In numerical weather forecasting or climate prediction models, parametric drag coefficients, heat transfer coefficients, and water vapor transfer coefficients are usually required at the same time. Do the heat transfer coefficients and water vapor transfer coefficients also have a parabolic increasing behavior with increasing wind speed? Fig. 5 consists two scatterplots of turbulent heat transfer coefficient (Ch) and water vapor transfer coefficient (Ce) with increasing wind speed (U). Figure 5a shows that the distribution of Ch is more scattered than Cd shown in Fig. 3. The reason is that turbulent heat transfer depends not only on the dynamic process but also on the thermal process, and therefore has more complexity and uncertainty. Figure 5 shows that Ch almost remains unchanged when the wind speed is less than 22.65 ms−1, suddenly decreases when U reaches at 22.65 ms−1 and remains at lower values when U is higher than 22.65 ms−1. This is because when the wind speed is greater than 22.65 ms−1, the atmospheric temperature measured by the aircraft remains almost constant (22.42 °C). Unlike Fig. 5a,b shows that the distribution of turbulent water vapor transport coefficients (Ce)is relatively concentrated. This is because we assumed that the surface water vapor is saturated during the calculation of Ce. The median number lines are also plotted on Fig. 5. It is obvious that neither the heat transfer coefficient nor the water vapor transfer coefficient exhibits a parabolic increase with increasing wind speed.

Figure 5
figure 5

Similar to Fig. 3, but for turbulent heat transfer coefficient (Ch) and water vapor transfer coefficient (Ce).

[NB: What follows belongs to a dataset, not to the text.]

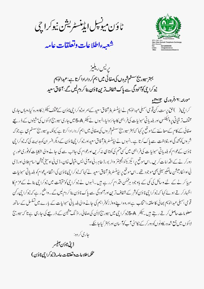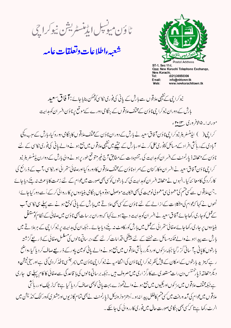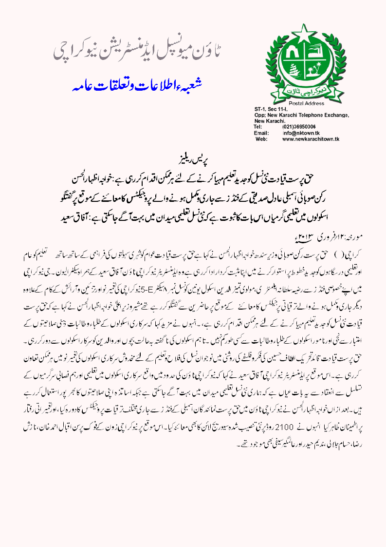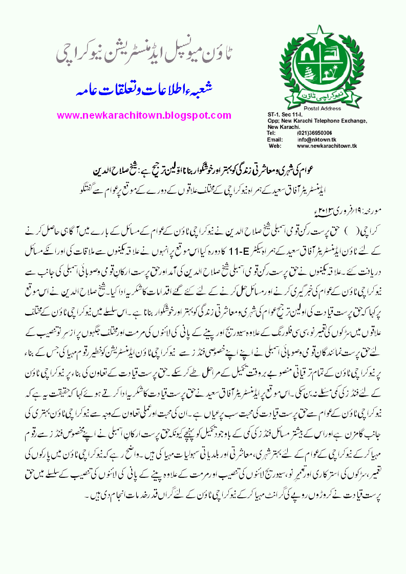 کراچی ( ) ٹاؤن کی تعمیر و ترقی و خوشحالی کے لئے کوشاں ہیں ان خیالات کا اظہار حق پرست رکن صوبائی اسمبلی جمال احمد نے ایڈمنسٹریٹر نیو کراچی ٹاؤن آفاق سعید کے ہمراہ نارتھ کراچی 3000 روڈ پر انڈا موڑ سے محمد شاہ قبرستان تک برساتی نالے کی تعمیر کے کام کا معائنہ کرتے ہوئے کیا اس موقع پر ،(ٹی او آئی ایس) اقبال احمد،(ڈی ٹی او پارک )اکبر حسین ، (ایم وی آئی) ندیم حیدر،اور ڈی ٹی او انفارمیشن ابو ظفر بھی انکے ہمراہ موجود تھے۔ رکن صوبائی اسمبلی نے موقع پر موجود افسران کو ہدایت کی کہ شہر قائد میں جاری ترقیاتی کاموں کو بروقت مکمل کیا جائے ۔اس موقع پر ایڈمنسٹریٹر نیو کراچی ٹاؤن آفاق سعید نے کہا کہ علاقے میں برساتی نالے کی تعمیر سے علاقے میں برساتی پانی کی نکاسی میں مدد ملے گی اور عوام کی پریشانیوں میں کمی واقع ہو گی انہوں نے مزید کہا کہ وہ اور ان کی پوری ٹیم حق پرست رکن صوبائی سمبلی کے تعاون سے ٹاؤن کی تعمیر و ترقی کے لئے اپنا بھر پور کردار ادا کررہی ہے۔

The maximum storm intensity is sensitive to the ratio of the exchange coefficient of enthalpy (Ck, the exchange coefficients of heat and water vapor) to the drag coefficient (Cd). We plotted enthalpy transfer coefficient Ck(≡Ch + Ce) and Cd in Fig. 6a. Alamaro et al. deduced that the hurricane intensity depends on the value of Ck/Cd9. Figure 6b shows the variations of Ck/Cd against wind speed. Figure 6b shows that Ck almost remains constant (0.8) when the wind speed is less than 22.65 ms−1, suddenly decreases to be 0.4 when U reaches at 22.65 ms−1 and remain at a lower value (0.4) when U is higher than 22.65 ms−1. In the previous literature, we rarely see changes in Ch with wind speed under strong wind conditions, and we do not see a sudden drop. the value of Ck/Cd. decreases at U = 22.65 ms−1, mainly due to the sudden decrease in Ck, especially in Ch.

Figure 6
figure 6

(a) The median number variations of drag coefficient (Cd) and enthalpy transfer coefficient Ck against wind speed (U) measured during the GOTEX aircraft experiment; and (b) The value of Ck/Cd against wind speed (U) measured during the GOTEX aircraft experiment.

Conclusions

We have established a parabolic relationship between the drag coefficient and wind speed for the data obtained in the GOTEX experiments. By the regression of wind speed and drag coefficient, we found that the saturated wind speed is 22.65 ms−1.